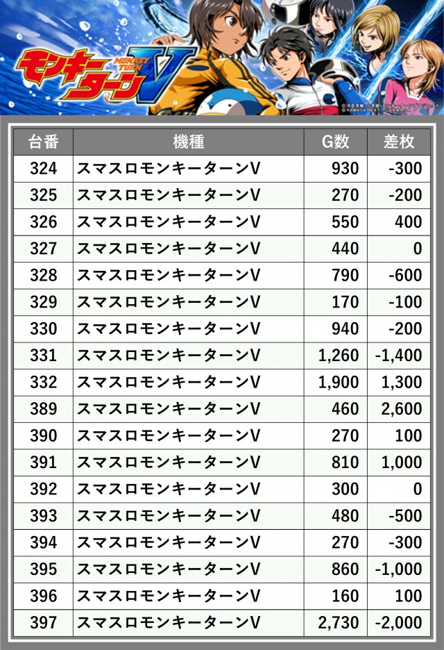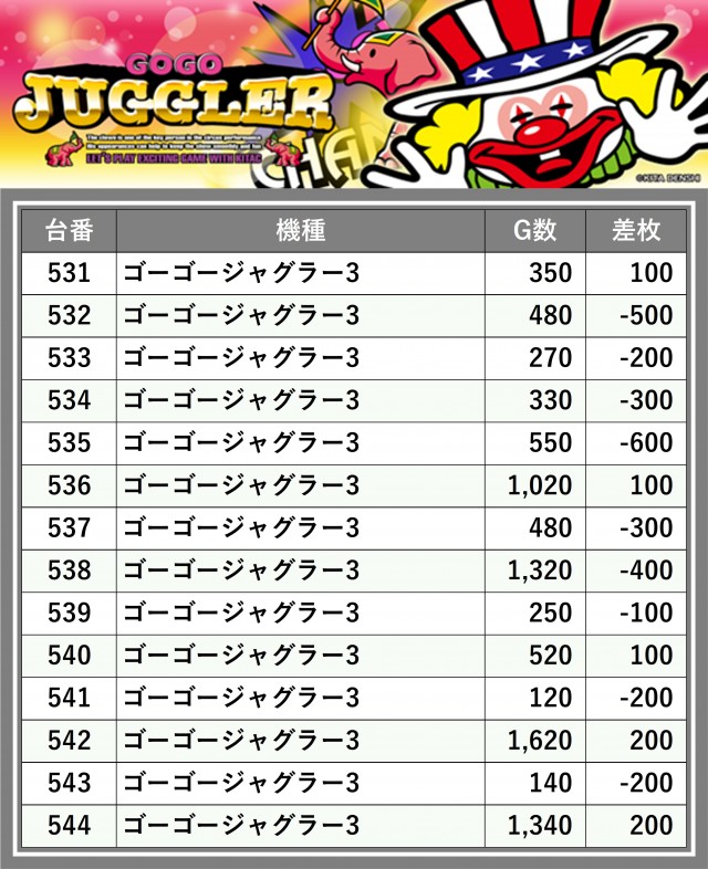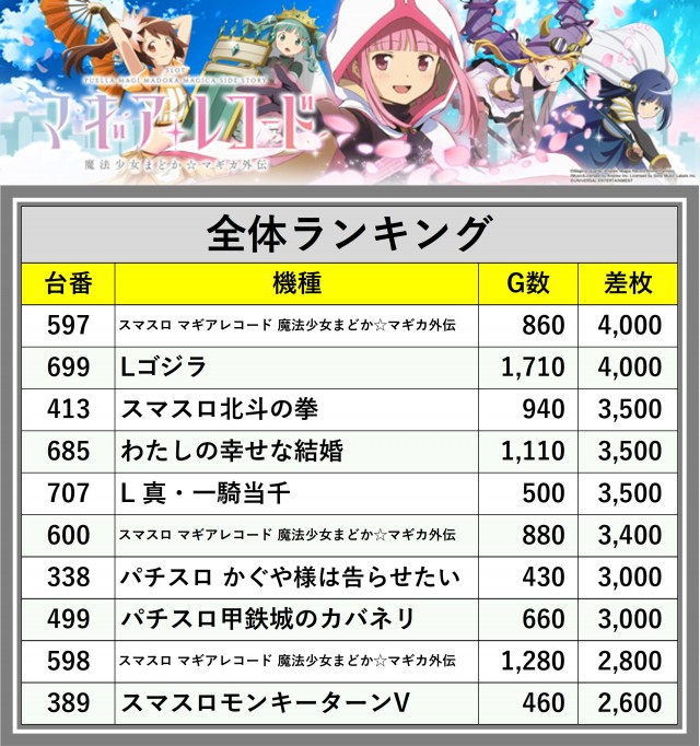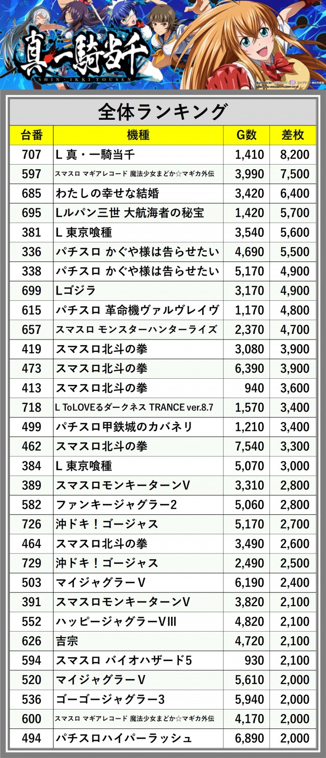 厳選された取材対象機種をはじめ、その他スロット全体から好記録が飛び出した!プレイヤーが楽しんだ1日を下記データにて振り返ってみて欲しい。
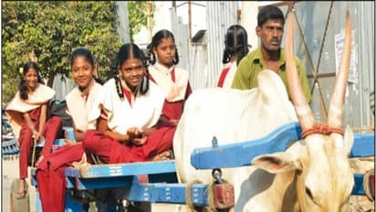 ஈரோடு கருங்கல்பாளையம் பகுதியில் பேருந்துகள் ஓடாததால் மாணவ – மாணவிகள் சிலர் மாட்டு வண்டிகளில் பள்ளிக்கூடத்திற்குச் சென்றனர்.
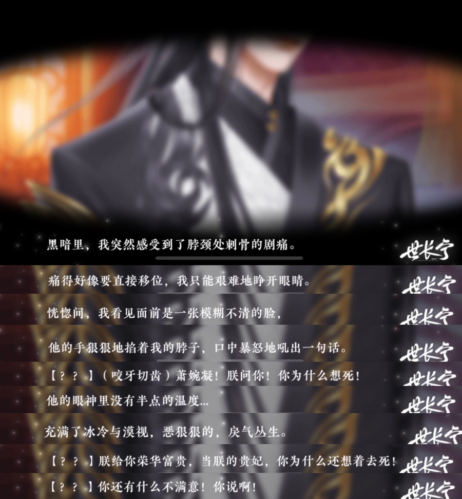从以上片段可看出,萧婉凝穿越到了逼近原主死亡的现场,在这个过程中,渲染了紧张的气氛让玩家对后面的剧情有期待感,在此也交代了原书中的部分剧情设定,在这种极致的冲突下完成了剧情的铺垫。
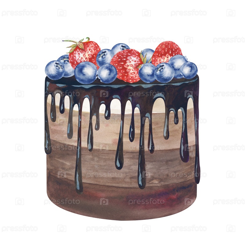 Акварельный шоколадный торт с ягодами, ручной рисунком. Илюстрация акварели выделена на белом фоне. Шаблон для праздничного десерта со клубницей и черники. Для открыток, приглашений, поздравлений
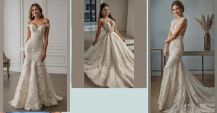 These bridal dresses are seriously dreamy! From the princess-like fluffiness of the first one, to the sleek and sophisticated style of the others, there’s a perfect “aesthetic” (fancy word for style vibe) for every bride. Imagine twirling down a staircase in that first dress—you’d look like you’re floating on a cloud! And the detail on those lacey numbers? Seriously impressive! It’s like someone sprinkled tiny flowers all over the dress. They are all seriously stunning.
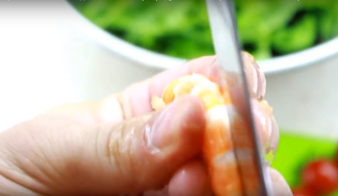 5. У крупных и средних креветок – убираем кишечник. Для этого разрезаем креветку ножом, как показано на фото.
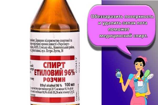 Обеззаразить поверхность и удалить запах пота поможет медицинский спирт. Выбирается один из двух вариантов применения. Спирт заливается в туфли или сапоги, а на ноги надеваются носки. Человек должен быть обутым до тех пор, пока спирт полностью не испарится.
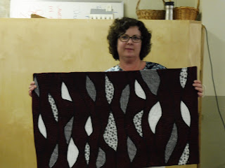 A shop hop sampler, I think by Maureen H. If I’m wrong, let me know and I’ll change it. Pam S, a new member this year, brought her Disappearing four Patch
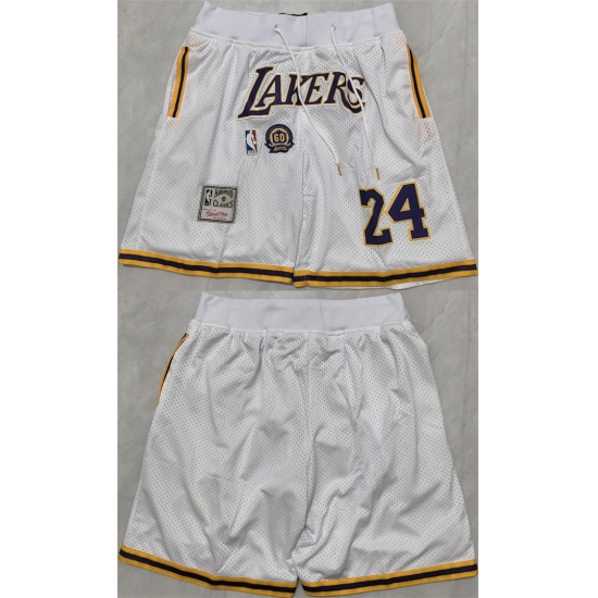 Men's Los Angeles Lakers #24 Kobe Bryant White 2025 Shorts (Run Small)
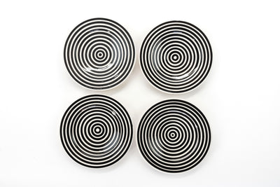 4 beautifully hand-painted appetizer plates to compliment any stylish happy hour in our classic "Bullseye" pattern.
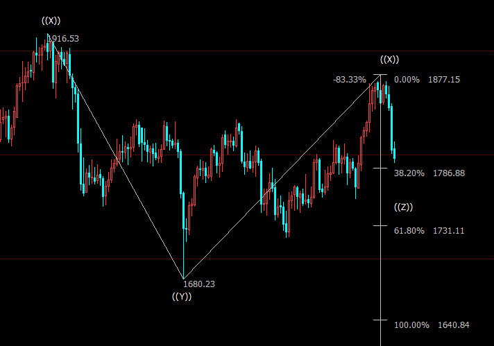 日线图上看,金价处于自1877美元开启的下行((Z))浪,料跌破38.2%目标位1787美元,并进一步下探61.8%目标位1731美元。((Z))浪是自2075美元开启的调整IV浪的子浪。
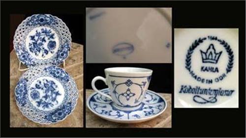 Kahla GDR cup and saucer and a pair of delft style pierced edge decorative plates made in Germany. Plates measure 6" across, no chips or cracks
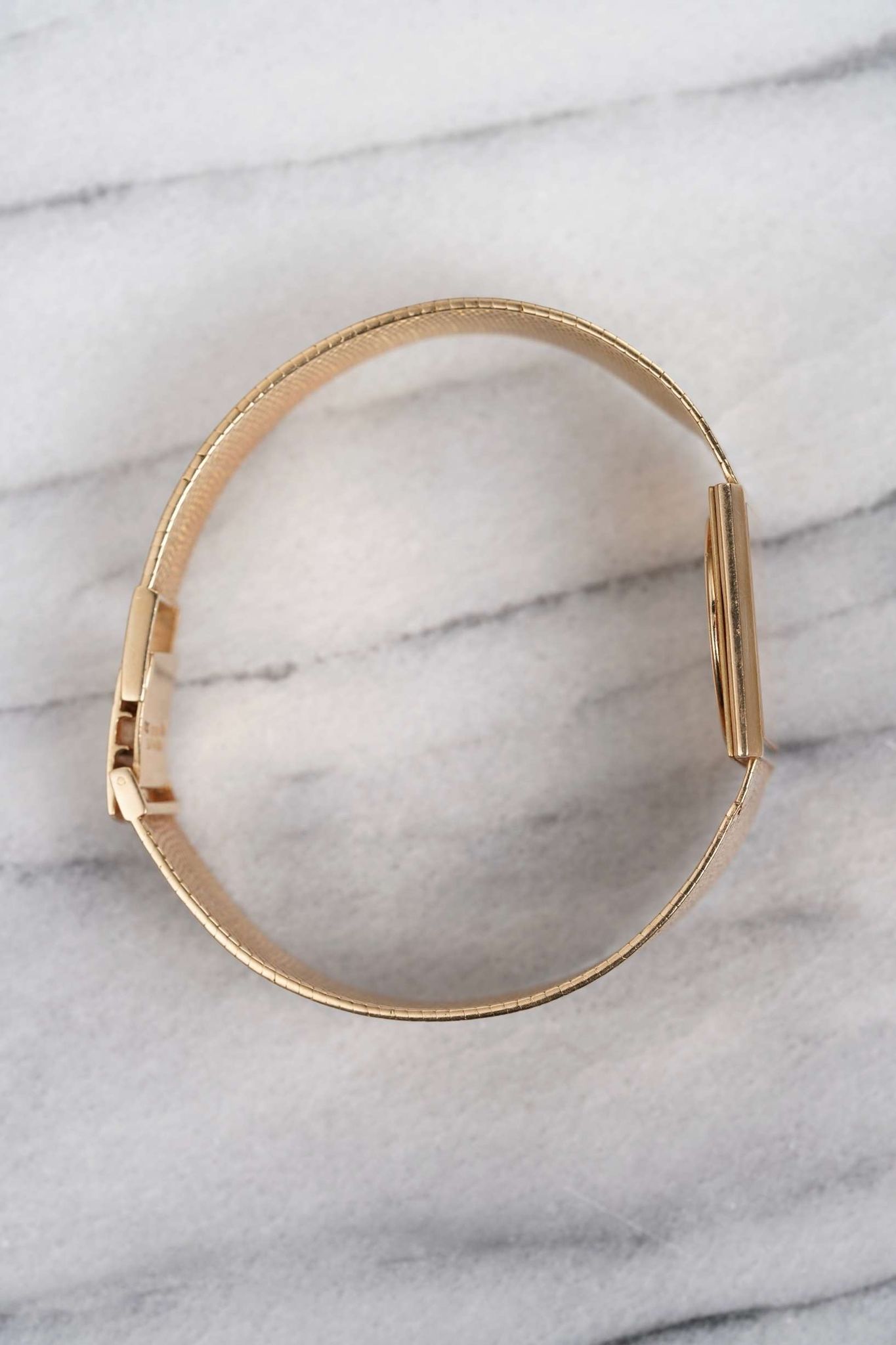 Here we have a unique vintage integrated 18k yellow gold Patek Philippe reference 3490 with a champagne dial from the 1970s. Keeps great time and is fully functional. The bracelet fits up to a 7.5 inch wrist. Measurements include a 25x30mm case size. The bracelet and dial both have the same texture throughout which gives it a sleek look. The case houses a clean blue Roman numeral dial with applied markers at 3,6,9, and 12. The dial has some marks throughout the dial as seen in photos. It features an unpolished sharp case and bracelet powered by a manual wind movement. It keeps great time and is fully functional. Case size is 26mm including the crown.
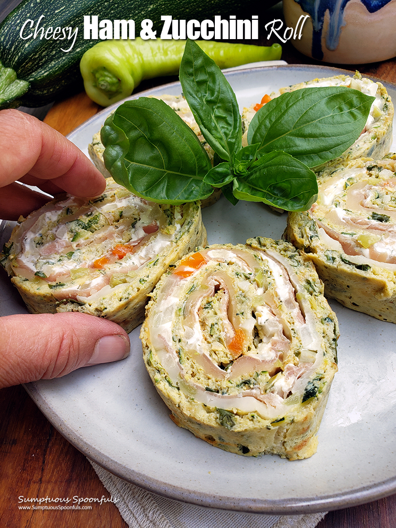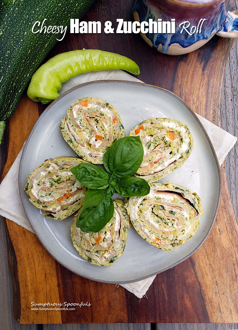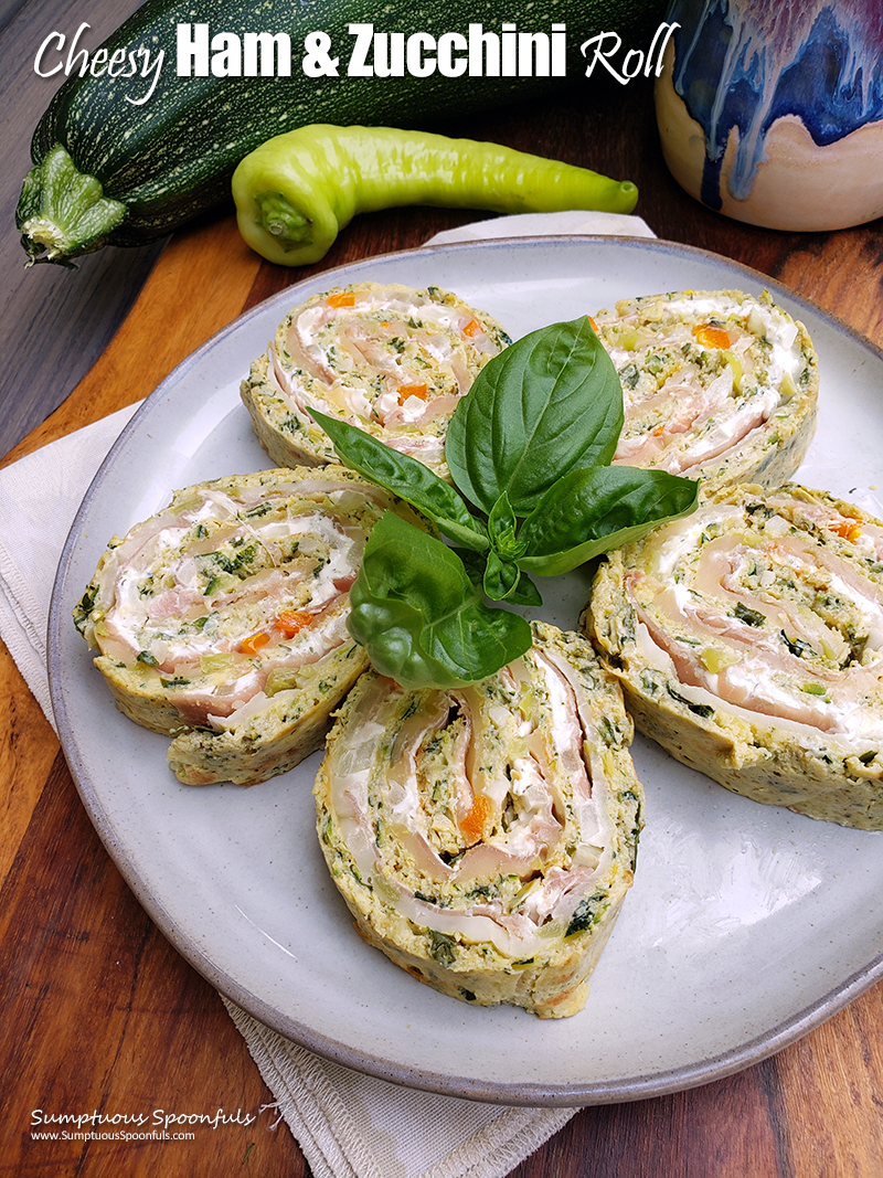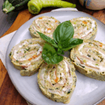 Looking for something different and fun to do with your zucchini? This cheesy ham & zucchini roll is not only pretty, it’s full of good flavors, low in carbs, gluten free and frankly, it’s just plain fun! I think it’s such a delightful and different way to use up your zucchini.
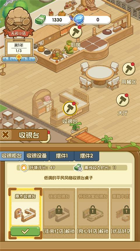 游戏要求你精心布置餐厅的各个角落,包括厨房、用餐区、收银台以及室外景观,同时招募并管理一支由服务员、收银员和厨师组成的团队。为确保餐厅能够顺利且高效地运营,你需要合理使用资金进行餐厅装修和员工星级提升。
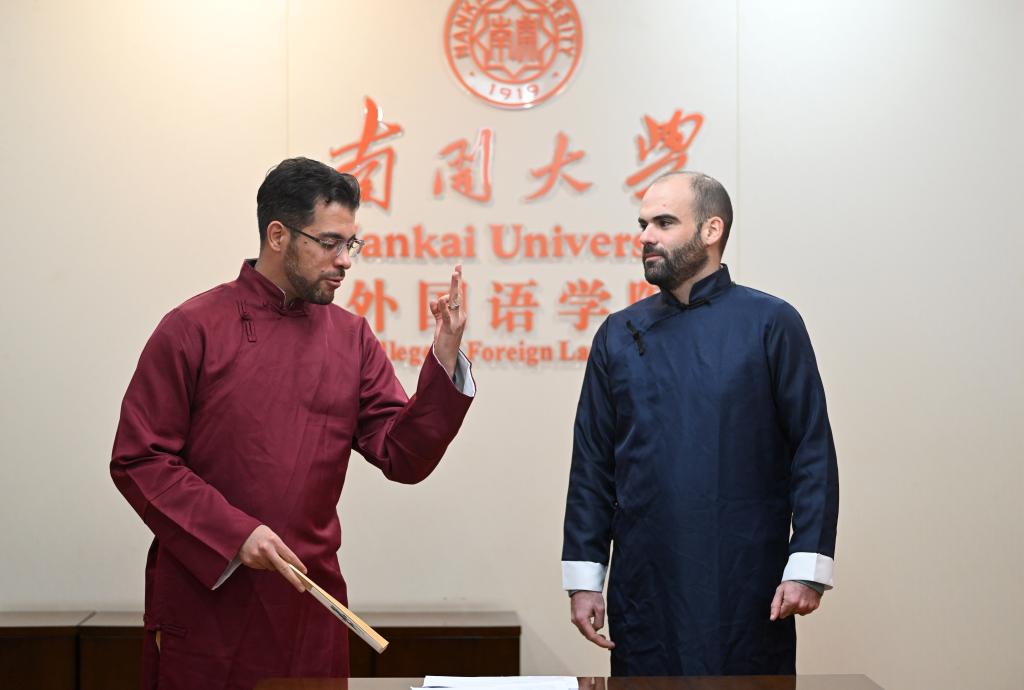 一把折扇、两袭长衫,辅以略显夸张的肢体动作和表情……在南开大学外国语学院的教室里,两位“老外”用西班牙语说起了相声,并依托学校平台对外传播。新华社记者 李然 摄

■ **INSTRUCTIONS TO FOLLOW**
For this exercise, return exactly the lines above from the line with "A shop hop sampler, I" through the line with "Kahla GDR cup", both included. Do not copy the pictures.

■ **ANSWER TO THIS PROBLEM**
 A shop hop sampler, I think by Maureen H. If I’m wrong, let me know and I’ll change it. Pam S, a new member this year, brought her Disappearing four Patch
 Men's Los Angeles Lakers #24 Kobe Bryant White 2025 Shorts (Run Small)
 4 beautifully hand-painted appetizer plates to compliment any stylish happy hour in our classic "Bullseye" pattern.
 日线图上看,金价处于自1877美元开启的下行((Z))浪,料跌破38.2%目标位1787美元,并进一步下探61.8%目标位1731美元。((Z))浪是自2075美元开启的调整IV浪的子浪。
 Kahla GDR cup and saucer and a pair of delft style pierced edge decorative plates made in Germany. Plates measure 6" across, no chips or cracks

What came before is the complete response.